Analyse

Diese acht Details zur neuen Commerzbank sollten Sie kennen

29. September 2019

Von Christian Kirchner

Eigentlich dachten wir, zur neuen Strategie der Commerzbank sei schon alles gesagt (siehe hier, hier, hier , hier und hier). Dann jedoch sind wir auf ein paar Details gestoßen, die Sie womöglich noch nicht kennen – in jedem Fall aber kennen sollten.

Voilà:

1.) Martin Zielke macht den Sewing – und versucht ebenfalls die Quadratur des Kreises, also steigende Erträgen bei sinkenden Kosten

Im Wust der vielen Zahlen verliert man bisweilen ja den Überblick. Aber das Problem der Commerzbank ist im Kern das gleiche wie das der Deutschen Bank: Die Kosten sinken einfach nicht so schnell wie die Erträge. Seit 2012 – dem ersten Jahr nach Abschluss der Dresdner-Bank-Integration – hat die Coba 1,2 Mrd. Euro an Erträgen verloren und die Kosten im gleichen Zeitraum nur um magere 0,2 Mrd. Euro gesenkt.

Nun kündigt die Bank (bereinigt um den mBank-Verkauf) steigende Erträge bis 2023 an, bei zugleich um 10% sinkenden Kosten (5,5 Mrd. Euro 2023 vs. 6,1 Mrd. Euro ex mBank aktuell 2019). Mal sehen, wie das gelingen soll.
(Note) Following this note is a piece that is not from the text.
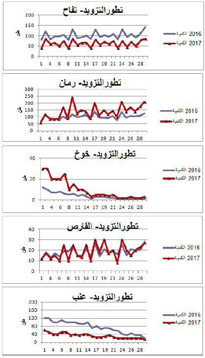 - زيادة في العرض بالنسبة للرمان والخوخ مقابل تراجع بالنسبة للتفاح والعنب.
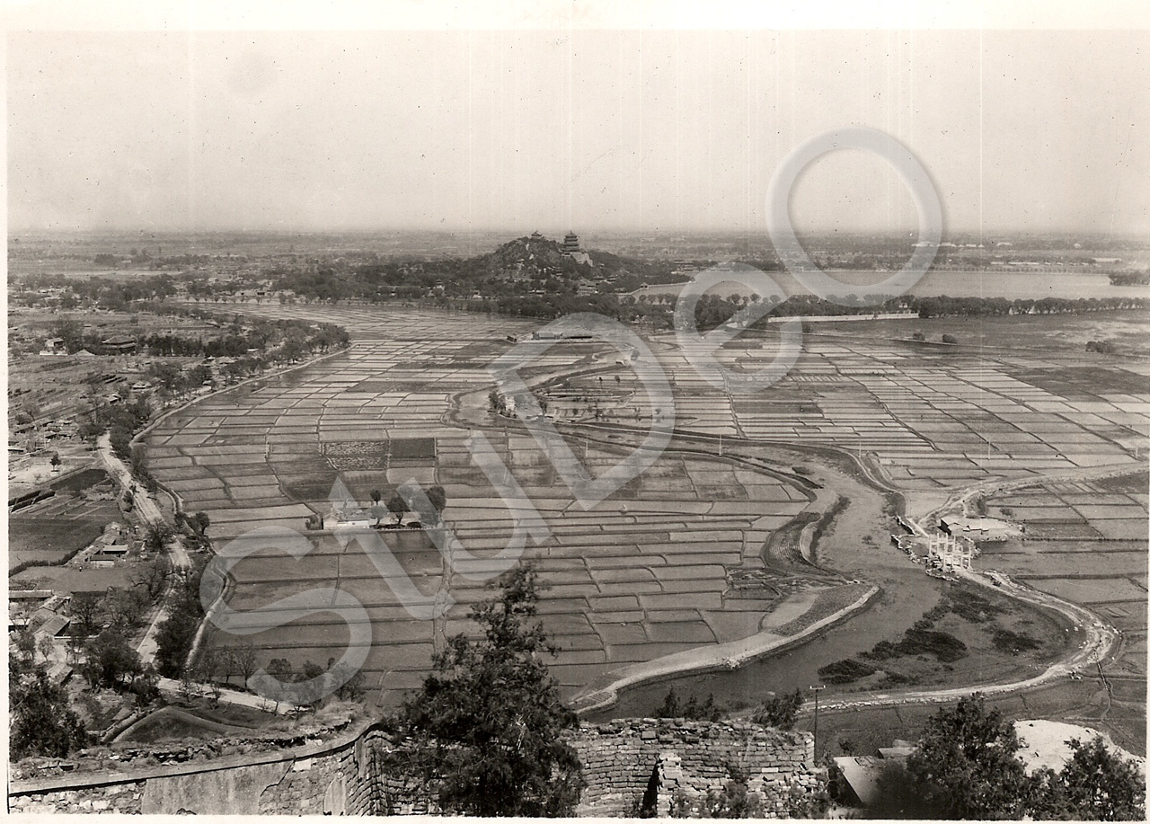 Beschreibung: Blick vermutlich von der Jadepagode auf die Ebene zwischen Jadequelle und Sommer­palast.

2.) Die größte Herausforderung für die Commerzbank werden die Kreditausfälle

Die Commerzbank agiert seit Jahren in einem Umfeld extrem niedriger Kreditausfälle – und hatte trotzdem Schwierigkeiten, Erträge und Gewinn zu steigern. Angesichts der konjunkturellen Eintrübung werden die Kreditausfälle aller Voraussicht nach steigen (was sich im zweiten Quartal bereits andeutete). Ob die Coba diese Herausforderung stemmen kann, bleibt abzuwarten.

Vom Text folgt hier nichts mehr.